Yes, we need to split the installs between redhat and debian. Thanks for your config, I'll try and get a PR together this weekend for this stuff unless you have something ready to go.

panfantastic commented 1 month ago

@hakong Am I correct to say you were in a getenforce is 1 state?

I've been trying to get the build environment tests used to do selinux like you get in rhel by default and have failed so far.

RHEL is selinux by default, but the containers for rocky etc I'm trying to test with aren't :( I'm not sure how to submit a patch with molecule testing at this point!

voidquark commented 1 month ago

If you're seeking inspiration, perhaps aligning your PR with the Loki/Promtail approach. They already support Debian/RHEL systems with SELinux out of the box.
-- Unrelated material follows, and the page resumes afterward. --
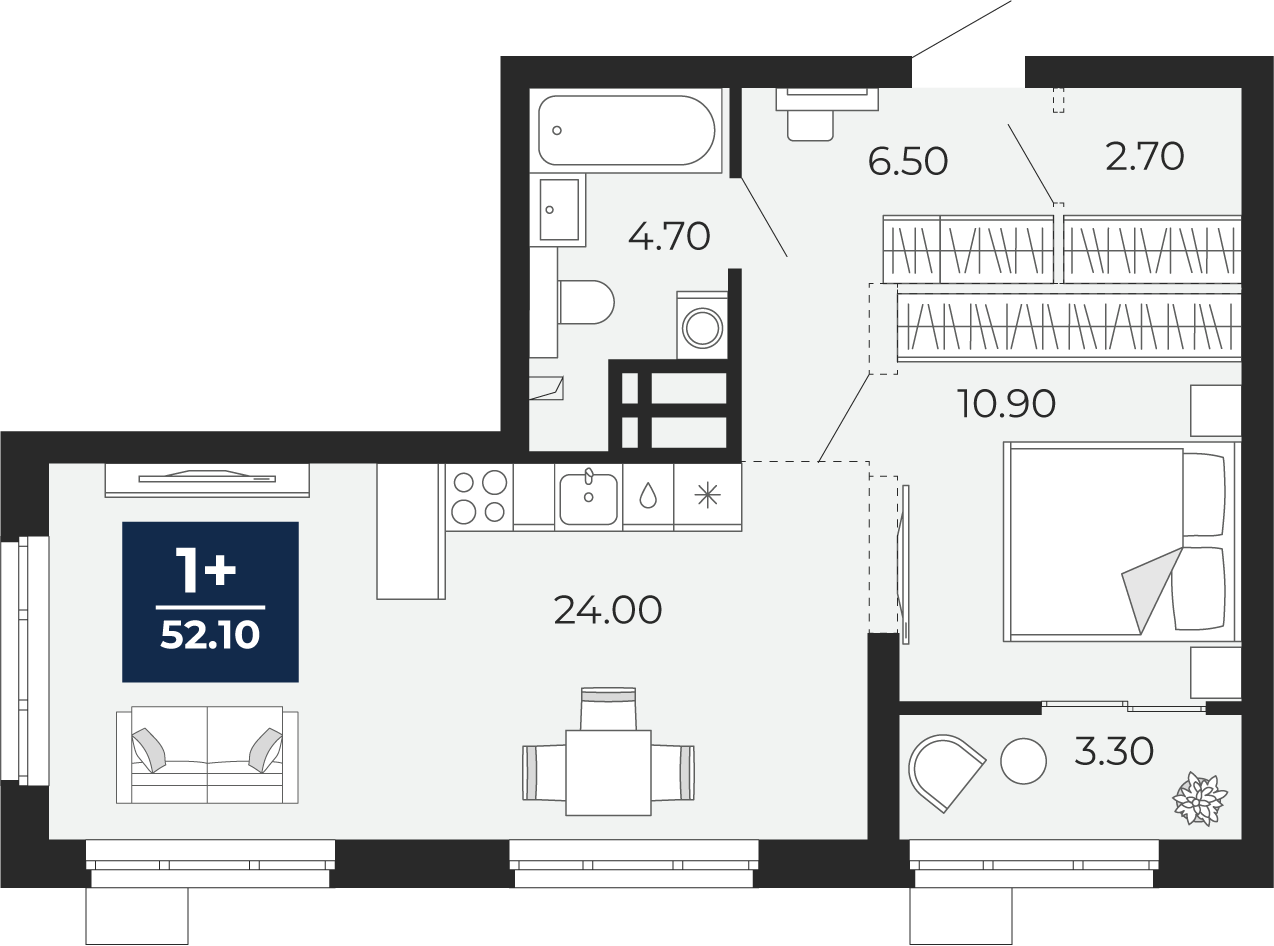 1-комнатная, 52.1 м2

panfantastic commented 1 month ago

@voidquark can you link me please?

voidquark commented 1 month ago

@voidquark can you link me please?

Promtail role and Loki role

panfantastic commented 1 month ago

I took the opportunity to install it on a working selinux (enforcing) system and it installs fine so I think all that is needed is to split the install process between redhat clones and debian clones (sorry any suse clones, Gentoo knows how to do it on their own ;) ).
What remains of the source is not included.